[Records excerpted from a collection]
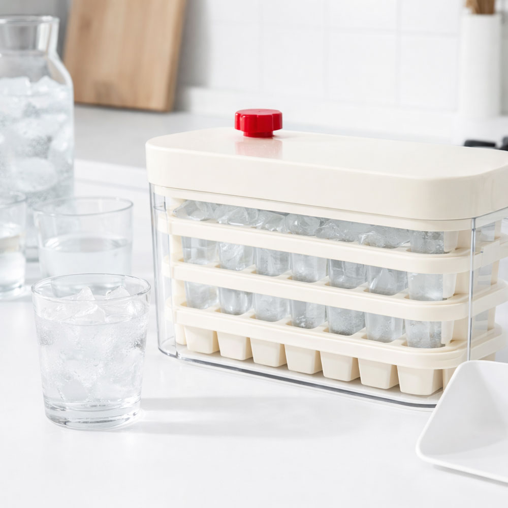 Contenedor Rectangular Con 4 Bandejas Para Hielo 23X12.5X11 Cm En Acrilico Transparente
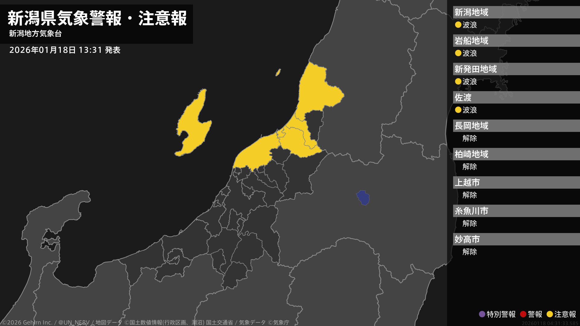 【新潟県 気象警報・注意報 2026年01月18日 13:31】下越、佐渡では、18日夜のはじめ頃まで高波に注意してください。#気象警報注意報 #新潟県
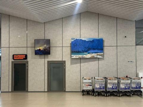 Центральным экспонатом выставки стало шестиметровое полотно, изображающее зимний Байкал. Оно размещено в зоне, где встречают прибывших пассажиров. Остальные работы художника можно увидеть в зоне выдачи багажа.
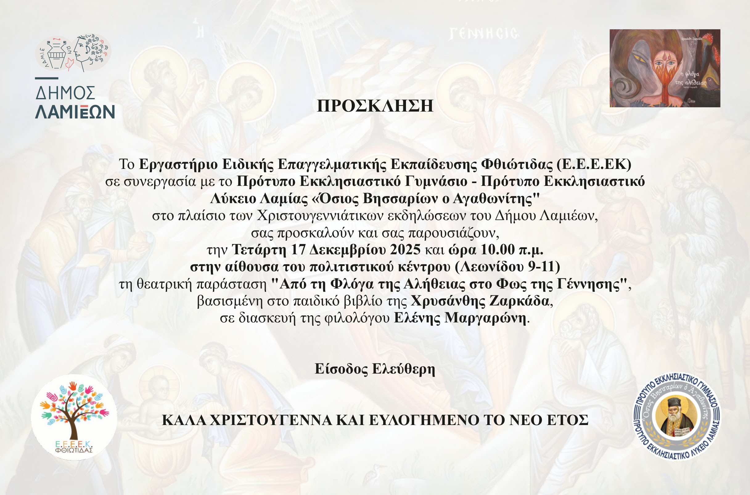 Το Εργαστήριο Ειδικής Επαγγελματικής Εκπαίδευσης (Ε.Ε.Ε.ΕΚ.) Φθιώτιδας σε συνεργασία με το Πρότυπο Εκκλησιαστικό Γυμνάσιο – Πρότυπο Εκκλησιαστικό Λύκειο Λαμίας «Όσιος Βησσαρίων ο Αγαθωνίτης» στα πλαίσια των εορταστικών εκδηλώσεων για τα Χριστούγεννα, υπό την αιγίδα του Δήμου Λαμιέων παρουσίασε την θεατρική παράσταση «Από την Φλόγα της Αλήθειας στο Φως της Γέννησης», ζωντανεύοντας στα μάτια των θεατών τις αρχές της συμπεριληπτικής εκπαίδευσης, θεμελιωμένης σε πνεύμα ομαδοσυνεργαστικότητας, αποδοχής και σεβασμού. Η παράσταση βασίστηκε στο παραμύθι της κ. Ζαρκάδα Χρυσάνθης σε διασκευή της Φιλολόγου κ. Μαργαρώνη Ελένης.
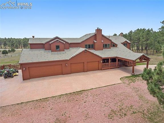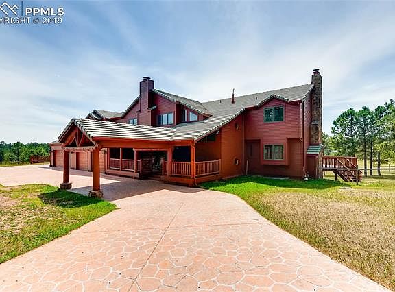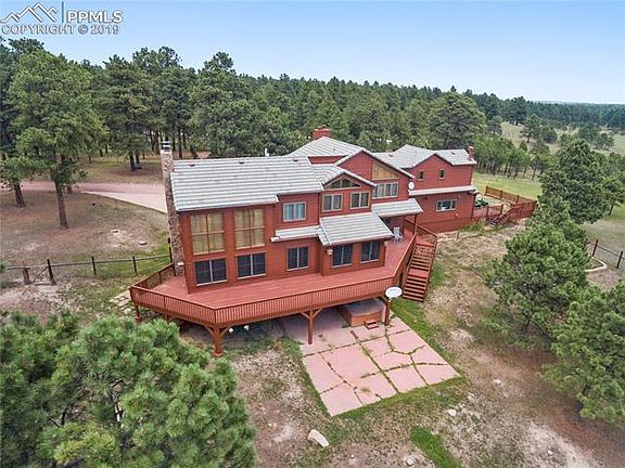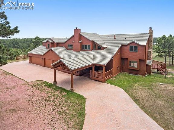 Amazing Jackson Hole inspired, custom home on 10.4 acres w/ two wells w/subdividing possible. In central Black Forest, this hard to find larger lot is fenced, w/ a perfect mix of large, mature, Ponderosa & meadow. Tucked away, sitting on a hilltop, this Art Klien wood sided home features lodge style architecture complete w/ multiple antler chandeliers, lodgepole staircase & log accents throughout. 20 ft wall of windows overlooks the acreage & creates beautiful light within the home. Welcome to the Black Forest lifestyle! Come into the gate of the home with its brick pillars and drive under the carport to enter the front door with log steps and railing. The main level consists of an office with gas fireplace, 1/2 bath, custom kitchen with commercial stove and venthood, subzero with drawers, and 2018 custom, drawered freezer, huge main level laundry complete with cabinetry. The kitchen features granite, a cook's island and overlooks a morning area or nook for perfect eat in mornings. This also leads into a formal living and dining room with the high ceilings, gas fireplace, and a walkout to massive decking that wraps the entire length of the home with log railing and stairs. The upstairs features two bedrooms with a jack/jill bath, an updated master 5 piece bath w/ new tile & granite. The master suite has a gas fireplace, a sitting area and features a 400 sf, custom master closet. The basement walk out features a 4th bedroom, full bath (remodeled), a rec/family area, plus a media room. The heated 4 car garage plus a storage shed, and a heated/ac dog kennel with runs. Home has hot water heat, many custom features, and separate garage boiler for heated driveway. Wonderful setting and creative architecture, fabulous location

» **YOUR GOAL**: Every line above from the one with "Центральным экспонатом выставки" down to the one with "Το Εργαστήριο Ειδικής" must be written out exactly, and no picture may appear.

» **RESPONSE AREA**:
 Центральным экспонатом выставки стало шестиметровое полотно, изображающее зимний Байкал. Оно размещено в зоне, где встречают прибывших пассажиров. Остальные работы художника можно увидеть в зоне выдачи багажа.
 Το Εργαστήριο Ειδικής Επαγγελματικής Εκπαίδευσης (Ε.Ε.Ε.ΕΚ.) Φθιώτιδας σε συνεργασία με το Πρότυπο Εκκλησιαστικό Γυμνάσιο – Πρότυπο Εκκλησιαστικό Λύκειο Λαμίας «Όσιος Βησσαρίων ο Αγαθωνίτης» στα πλαίσια των εορταστικών εκδηλώσεων για τα Χριστούγεννα, υπό την αιγίδα του Δήμου Λαμιέων παρουσίασε την θεατρική παράσταση «Από την Φλόγα της Αλήθειας στο Φως της Γέννησης», ζωντανεύοντας στα μάτια των θεατών τις αρχές της συμπεριληπτικής εκπαίδευσης, θεμελιωμένης σε πνεύμα ομαδοσυνεργαστικότητας, αποδοχής και σεβασμού. Η παράσταση βασίστηκε στο παραμύθι της κ. Ζαρκάδα Χρυσάνθης σε διασκευή της Φιλολόγου κ. Μαργαρώνη Ελένης.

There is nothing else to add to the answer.